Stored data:
_ _ _ _ _ _ _

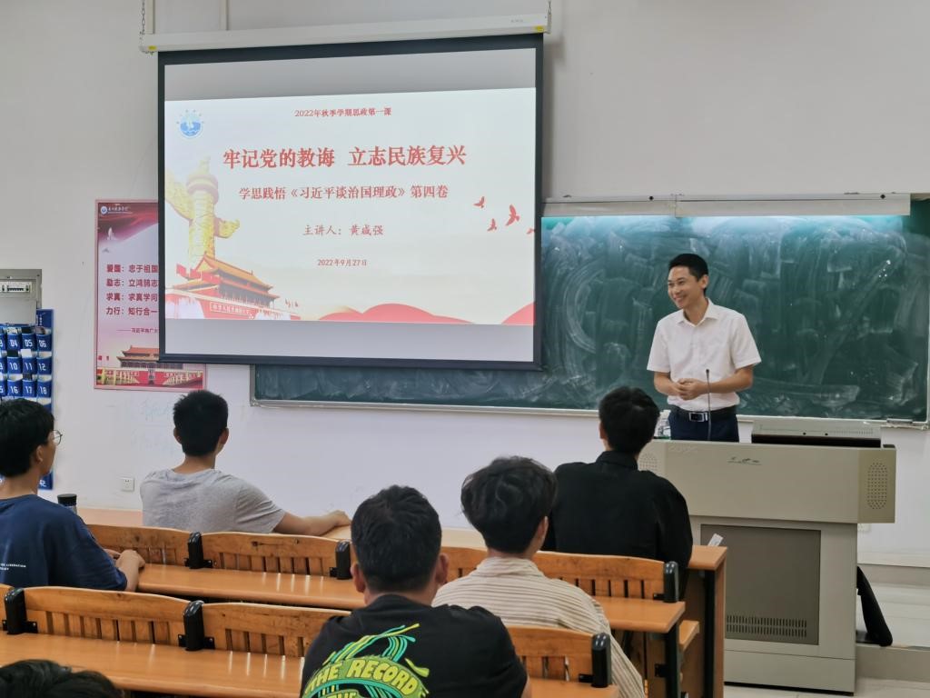 (船舶与海洋工程学院 供稿)根据《3044am永利集团官网2022年秋季学期学校领导和二级学院党委书记、院长上第一堂思政课工作方案》的要求,认真落实二级学院党组织书记、院长思政课建设“第一责任人”工作职责,9月27日上午,船舶与海洋工程学院党委书记黄咸强在健兵南103教室,给学院2022级车辆工程专业学生讲授“牢记党的教诲 立志民族复兴”为题的思想政治理论课,深入宣贯《习近平谈治国理政》第四卷。
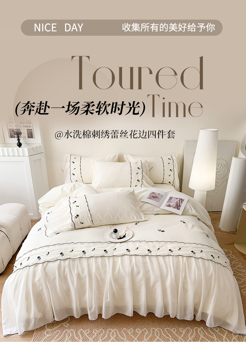 当前位置: 91家纺网 > 商品网购 > 床品套件 > 四件套 > 水洗棉四件套 > 你好美丽 2025新款巴黎水洗磨毛刺绣蕾丝花边工艺款四件套 巴黎白黑
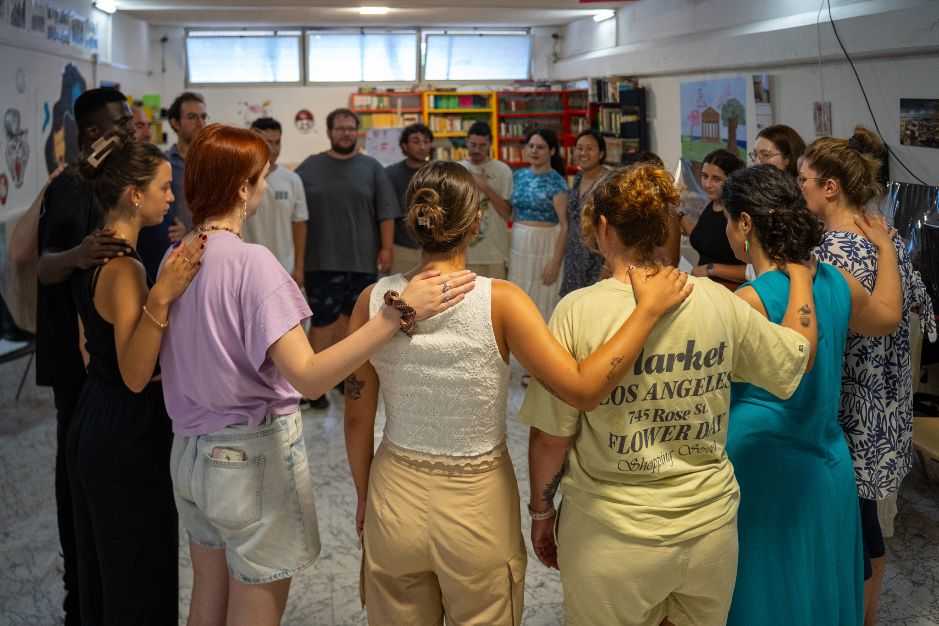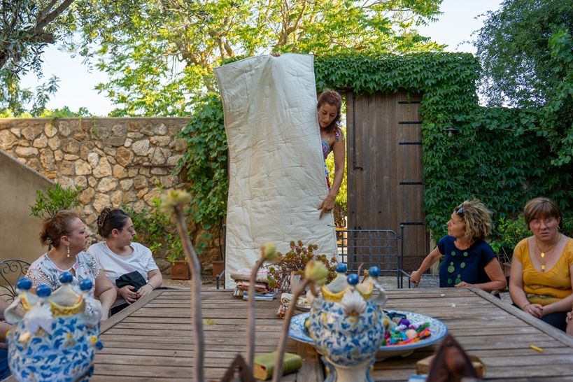 Nel centro storico di Agrigento, donne e membri della comunità si sono riuniti in un workshop di tessitura per creare una coperta collettiva, un tessuto di gesti condivisi e memoria comunitaria che accoglierà la struttura circolare. Come un uccello che costruisce il suo nido, la Silent Room sovrappone materiale, conoscenza e identità per nutrire nuove possibilità di cura. Costruendo questo spazio per il riposo, onoriamo coloro che hanno subito sofferenza e ora meritano pace. La Silent Room è un luogo per fermarsi nella Valle, per localizzare se stessi in relazione agli altri, per riflettere sulle origini ed immaginare dove potremmo andare dopo.
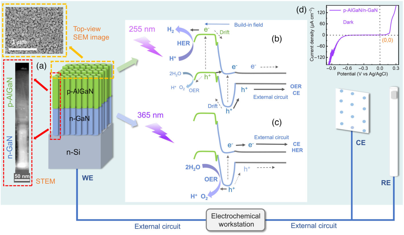 这项研究工作通过光吸收体结构和表面动力学的精确控制,验证了AlGaN基纳米线来构建多功能PEC UV PDs的可行性,为进一步探索高性能光电器件提供了多策略协同优化的设计方案。
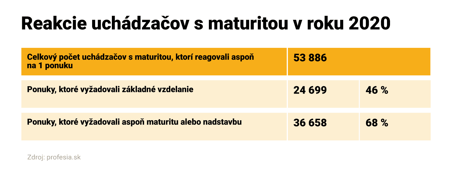 Pomerne vysoký podiel však zaznamenala Profesia aj pri uchádzačoch s maturitou, ktorí reagovali aspoň na jednu ponuku práce, na ktorú stačilo základné vzdelanie. Z celkového počtu išlo až o 46 percent.
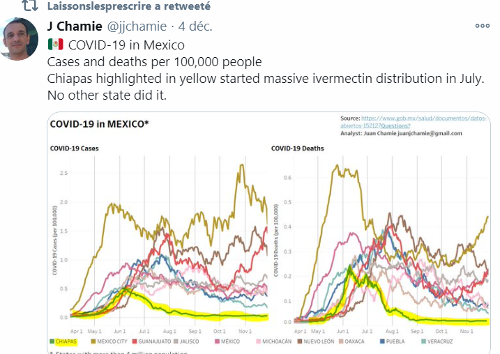 Al’intérieur du Mexique le contraste entre Mexico sans palu et sans chloroquine avec la région du Chiapas intrigue. Cette dernière semble immunisée contre le Covid; elle combine l’antipaludéen et l’ivermectine…

_ _ _ _ _ _ _

TRY IT:
Print the records above exactly, minus pictures.

EXERCISE SOLUTION:
 (船舶与海洋工程学院 供稿)根据《3044am永利集团官网2022年秋季学期学校领导和二级学院党委书记、院长上第一堂思政课工作方案》的要求,认真落实二级学院党组织书记、院长思政课建设“第一责任人”工作职责,9月27日上午,船舶与海洋工程学院党委书记黄咸强在健兵南103教室,给学院2022级车辆工程专业学生讲授“牢记党的教诲 立志民族复兴”为题的思想政治理论课,深入宣贯《习近平谈治国理政》第四卷。
 当前位置: 91家纺网 > 商品网购 > 床品套件 > 四件套 > 水洗棉四件套 > 你好美丽 2025新款巴黎水洗磨毛刺绣蕾丝花边工艺款四件套 巴黎白黑
 Nel centro storico di Agrigento, donne e membri della comunità si sono riuniti in un workshop di tessitura per creare una coperta collettiva, un tessuto di gesti condivisi e memoria comunitaria che accoglierà la struttura circolare. Come un uccello che costruisce il suo nido, la Silent Room sovrappone materiale, conoscenza e identità per nutrire nuove possibilità di cura. Costruendo questo spazio per il riposo, onoriamo coloro che hanno subito sofferenza e ora meritano pace. La Silent Room è un luogo per fermarsi nella Valle, per localizzare se stessi in relazione agli altri, per riflettere sulle origini ed immaginare dove potremmo andare dopo.
 这项研究工作通过光吸收体结构和表面动力学的精确控制,验证了AlGaN基纳米线来构建多功能PEC UV PDs的可行性,为进一步探索高性能光电器件提供了多策略协同优化的设计方案。
 Pomerne vysoký podiel však zaznamenala Profesia aj pri uchádzačoch s maturitou, ktorí reagovali aspoň na jednu ponuku práce, na ktorú stačilo základné vzdelanie. Z celkového počtu išlo až o 46 percent.
 Al’intérieur du Mexique le contraste entre Mexico sans palu et sans chloroquine avec la région du Chiapas intrigue. Cette dernière semble immunisée contre le Covid; elle combine l’antipaludéen et l’ivermectine…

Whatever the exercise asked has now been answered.